*** RECORD EXCERPTS ***

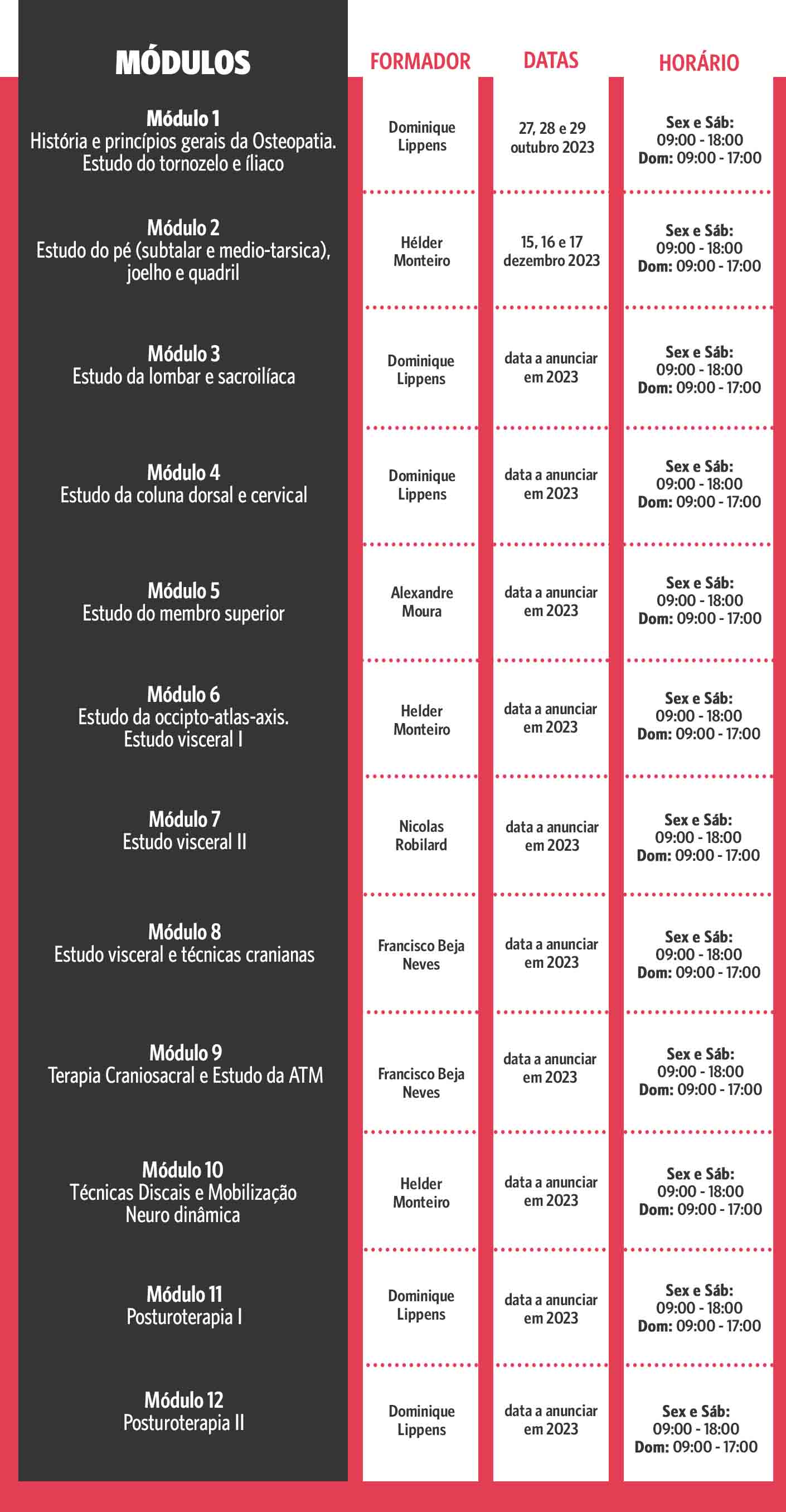 Apenas nesta formação, dada também pelo próprio Dominique Lippens, criador do Conceito Osteotiopático, vai adquirir algumas das melhores técnicas da Terapia Manual, como por exemplo Cadeias Musculares, Cinesiologia Aplicada, Quiropraxia ou Posturologia, partindo da Osteopatia e da experiência clínica de dezenas de anos dos seus formadores.
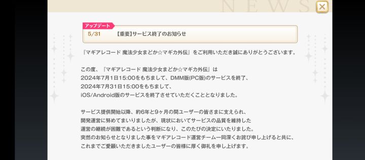 今天,日系游戏《魔法纪录 魔法少女小圆外传》官方发布消息,正式官宣游戏停运事宜!官方表示,游戏的日服 PC 版和手游版将分别于7月1日、7月31日停服。不管,停运后,官方将发布离线版本APP,供大家回忆。朋友们,都玩了多久这款游戏呢?#今天游戏圈发生了啥 #吃瓜爆料 #游戏资讯
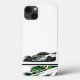 Esta capas de iphone é mostrada em uma cor branca com uma impressão de arte de carros de corrida automotiva. Personalize este item ou comprar como está. Imagem do stock vecteezy.com
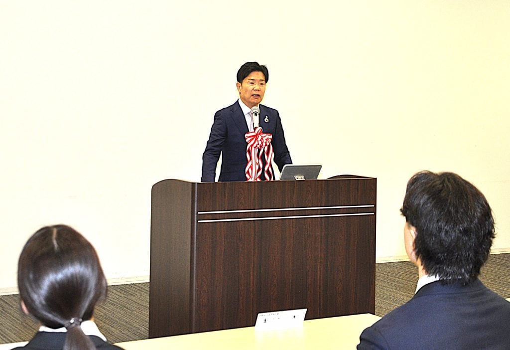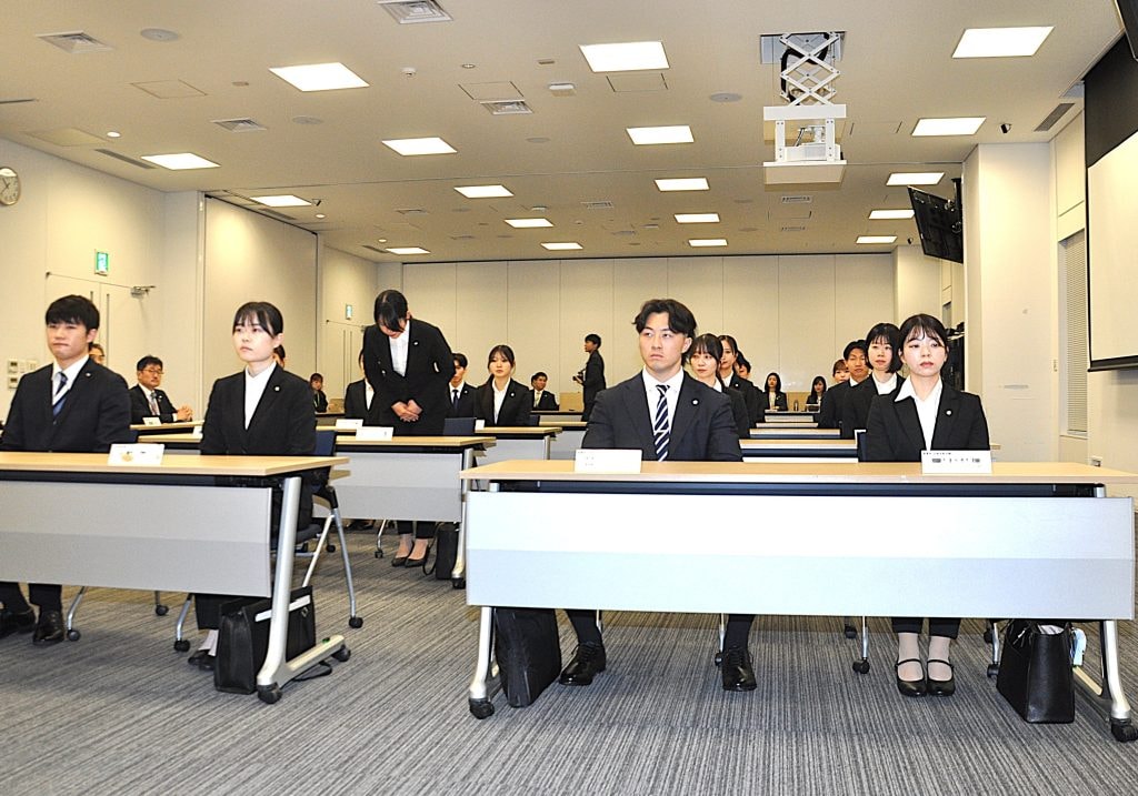 紺色のスーツに身を包み真新しい徽章を襟に着けた新入社員は一足早く式会場入り、全員緊張した面持ちで、内田高広社長ら9人の役員・幹部を迎えた。
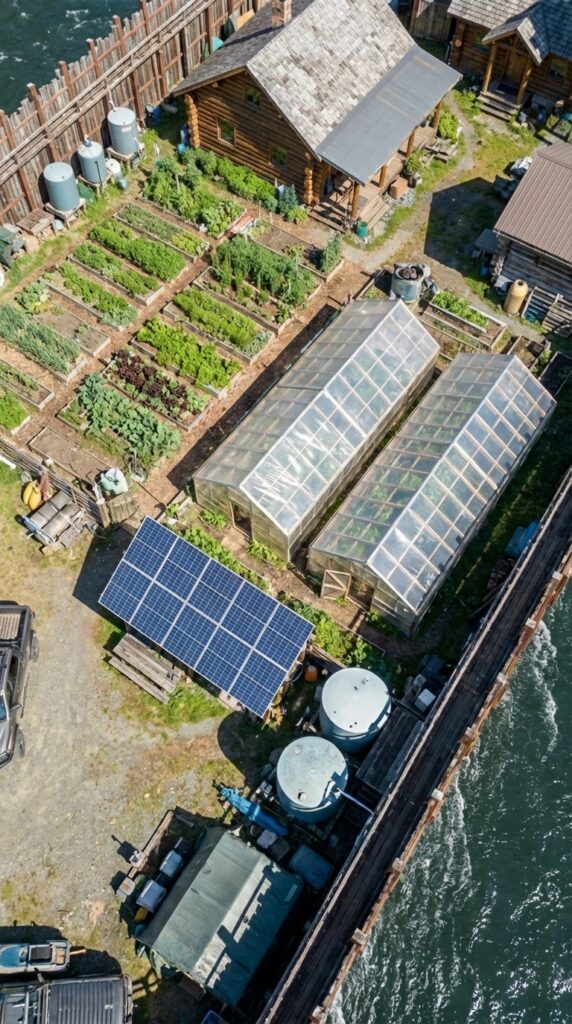Together, the garden and greenhouse form the heart of the island’s self-sufficiency. They allow residents to grow their own food, reduce reliance on outside supplies, and maintain a sustainable lifestyle in the middle of the Alaskan wilderness.
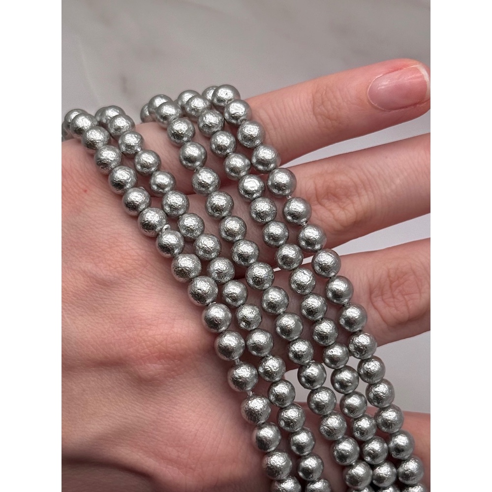 В наличии Код товара: 20046 Жемчуг Майорка, искусственный, серебристый, фактурный, шарик гладкий, 7,8 мм, длина нити 39 см

*** End of RECORD EXCERPTS ***

WHAT IS EXPECTED:
Reproduce the material in full, word for word, and omit the pictures.

RESPONSE TO THIS EXERCISE:
 Apenas nesta formação, dada também pelo próprio Dominique Lippens, criador do Conceito Osteotiopático, vai adquirir algumas das melhores técnicas da Terapia Manual, como por exemplo Cadeias Musculares, Cinesiologia Aplicada, Quiropraxia ou Posturologia, partindo da Osteopatia e da experiência clínica de dezenas de anos dos seus formadores.
 今天,日系游戏《魔法纪录 魔法少女小圆外传》官方发布消息,正式官宣游戏停运事宜!官方表示,游戏的日服 PC 版和手游版将分别于7月1日、7月31日停服。不管,停运后,官方将发布离线版本APP,供大家回忆。朋友们,都玩了多久这款游戏呢?#今天游戏圈发生了啥 #吃瓜爆料 #游戏资讯
 Esta capas de iphone é mostrada em uma cor branca com uma impressão de arte de carros de corrida automotiva. Personalize este item ou comprar como está. Imagem do stock vecteezy.com
 紺色のスーツに身を包み真新しい徽章を襟に着けた新入社員は一足早く式会場入り、全員緊張した面持ちで、内田高広社長ら9人の役員・幹部を迎えた。
Together, the garden and greenhouse form the heart of the island’s self-sufficiency. They allow residents to grow their own food, reduce reliance on outside supplies, and maintain a sustainable lifestyle in the middle of the Alaskan wilderness.
 В наличии Код товара: 20046 Жемчуг Майорка, искусственный, серебристый, фактурный, шарик гладкий, 7,8 мм, длина нити 39 см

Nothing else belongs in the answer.